The Allies’ victory at the Battle of Belleau Wood, which occurred in France from June 1 to June 26, 1918, greatly boosted morale amid the Germans’ Spring Offensive. The battle was the first major engagement of the U.S. army in World War I, and, only 39 miles from Paris, marked the closest the Germans came to the French capital during the war. The struggle for Belleau Wood, at the time a hunting preserve owned by a wealthy Paris businessman, announced to the Germans that the U.S. armed forces had arrived on the Western Front in strength and were eager to fight. It was a tough baptism of fire for the Americans, but persistence and resolution secured them their first important victory in France. The bravery of the U.S. Army’s 2nd Division, comprising the 4th Marine Brigade (the “Fighting Fifth” and 6th Marine Regiments) was especially noteworthy. In recognition of their service and sacrifice, the French renamed Belleau Wood the “Bois de la Brigade de Marine”—Wood of the Marine Brigade—and awarded the 4th Marine Brigade the coveted Croix de Guerre.
As the Germans tried to extend and develop their offensive against the French on the Marne River, they came up against the U.S. 2nd and 3rd Divisions at Château-Thierry and Belleau Wood. Having been checked at Château-Thierry, the Germans advanced through the nearby Belleau Wood, named for a clear spring at its heart, and then encountered more of the 2nd Division and a brigade of U.S. Marines. Neighboring French troops began to fall back and urged the Americans to do likewise, eliciting the famous response from U.S. Marine Captain Lloyd W. Williams: “Retreat? Hell, we just got here!” Many of the retreating French troops, inspired, turned back to fight alongside the American troops. The Allied troops dug in and with a fine display of marksmanship held the German attack on June 4.
Although heavily outnumbered, the Americans went on the offensive and attacked the German positions in front of Belleau Wood on June 6, suffering heavy losses in the process (the highest in U.S. Marine Corps history until the Battle of Tarawa in 1943); casualties were particularly high among commissioned and noncommissioned officers. A subsequent attack gained the Americans a foothold on the edge of the wood, but progress was painfully slow, the enthusiasm of the Americans being met by equal determination from the defending Germans and their movements impeded by a difficult terrain of low cliffs, rock outcroppings, streams, and ravines. The fighting was relentless, much of it at close quarters and involving bayonets, knives, and even fists. The Americans launched six attacks before the Germans were finally expelled from Belleau Wood on June 26. Subsequently, the adjacent villages of Vaux and Bouresche were also secured by the American forces as the Germans fell back to new positions.

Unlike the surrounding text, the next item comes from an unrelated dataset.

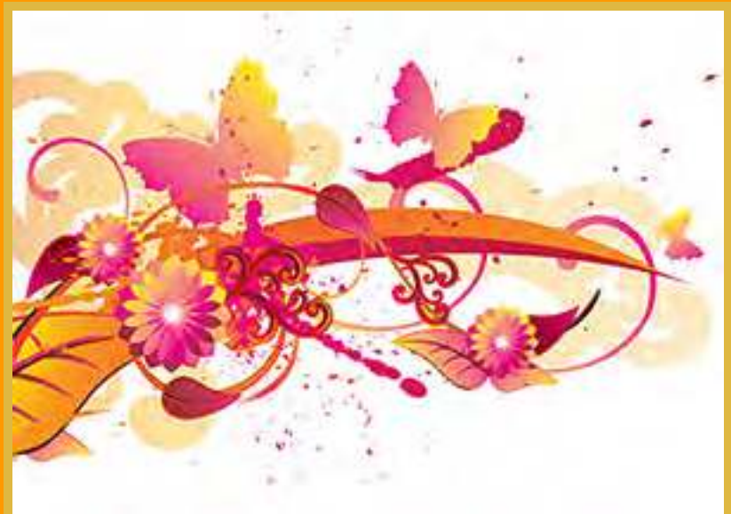
Enjoy spring with fabulous offers at our Millennium Hotels!

Participating Hotels: Millennium Alaskan Hotel Anchorage, Millennium Bostonian Hotel Boston, Millennium Harvest House Boulder, Millennium Hotel Buffalo, Millennium Knickerbocker Hotel Chicago, Millennium Hotel Cincinnati, Millennium Hotel Durham, Millennium Biltmore Hotel Los Angeles, Millennium Hotel Minneapolis, Millennium Maxwell House Nashville, Millennium Broadway Hotel New York, Millennium Resort and Villas Scottsdale, ONE UN New York

The Germans had miscalculated the determination of their newly arrived American foe, their general staff convinced that the Americans would be raw and untrained and would require months to become combat-ready. They were instead moved to dub the Marines Teufel Hunden, “Devil Dogs,” the Marine Corps’ unofficial nickname to this day.
Now protected ground, Belleau Wood lies just outside the Aisne-Marne American Cemetery, its centerpiece a monument erected by the Marine Corps to honor the fallen.
Losses: American, 9,777 casualties (1,811 killed); German, 9,500 casualties, including 1,600 captured.